### Task material
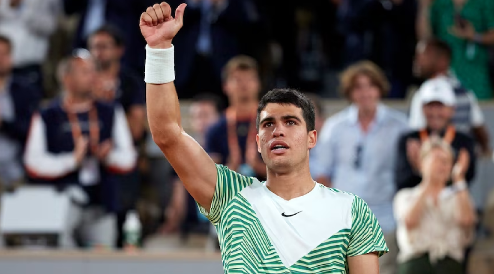 世界排名第一的卡洛斯·阿尔卡拉斯在第三盘的摇摆中幸存下来,战胜了五号种子斯特凡诺斯·西西帕斯,赢得了法网四强席位。
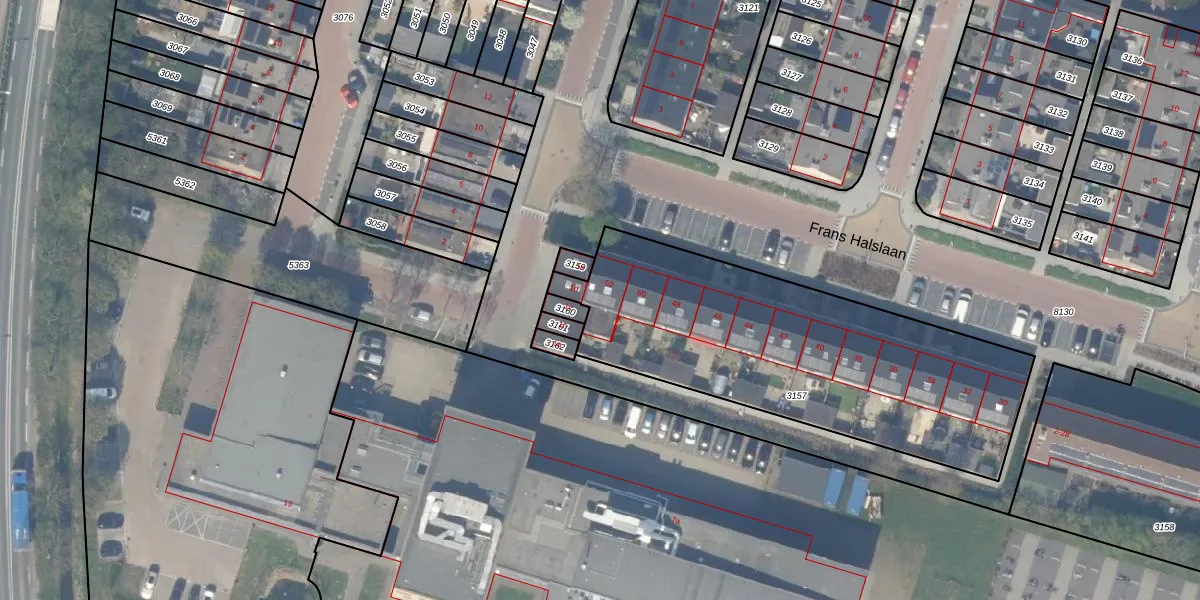 Het perceel waarop Frans Halslaan 52 staat heeft een oppervlakte van 1657 m². Dit is een zeer groot perceel. De perceeloppervlakte wordt geregistreerd door het Kadaster. Gedetailleerde informatie over de maten van dit perceel kunt u vinden in het rapport Kadastrale kaart met maatvoering van Frans Halslaan 52.
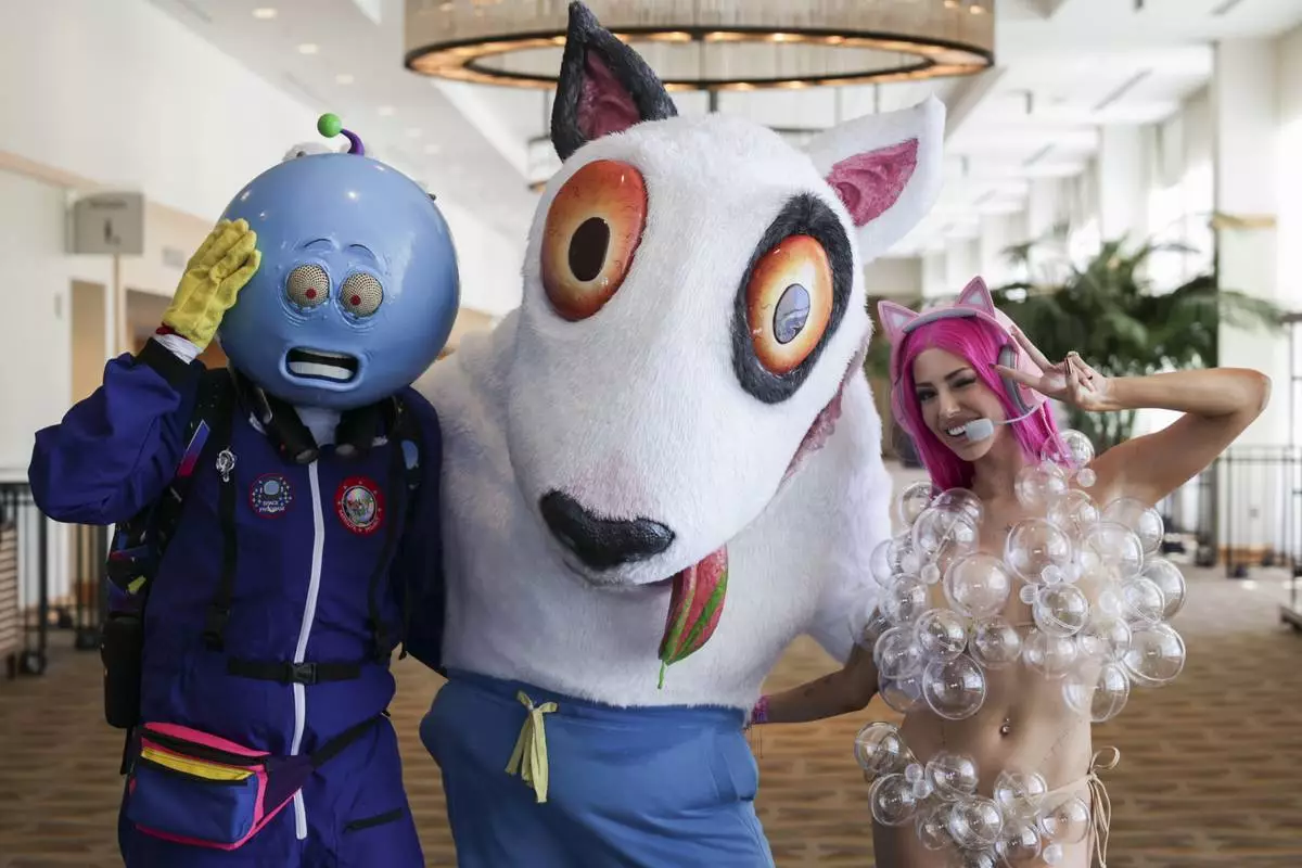 Diana, from left, Kal Smith, and Melissa Ann from San Diego, Calif. pose during preview night for Comic-Con International on Wednesday, July 23, 2025, in San Diego. (Photo by Andrew Park/Invision/AP)
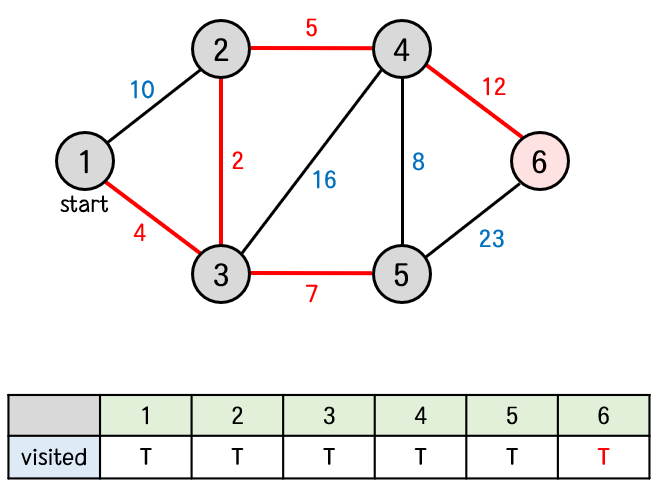 아직 우선순위 큐가 비어있지 않지만 하나씩 꺼내었을 때, 이미 모든 정점이 방문이 완료된 상태이므로 아무 작업도 하지 않고 끝나게 된다.
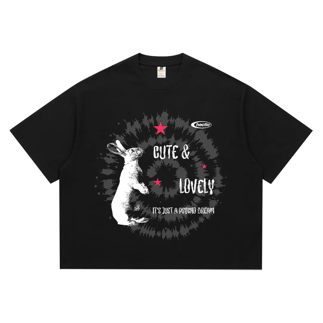 Hectic – T-shirt kaos katun Boxy fit – Hitam – RABBIT

### Required work
What is needed is an exact restatement of every line from the line containing "아직 우선순위 큐가 비어있지" through the last line of the records, minus any pictures.

### Response
 아직 우선순위 큐가 비어있지 않지만 하나씩 꺼내었을 때, 이미 모든 정점이 방문이 완료된 상태이므로 아무 작업도 하지 않고 끝나게 된다.
 Hectic – T-shirt kaos katun Boxy fit – Hitam – RABBIT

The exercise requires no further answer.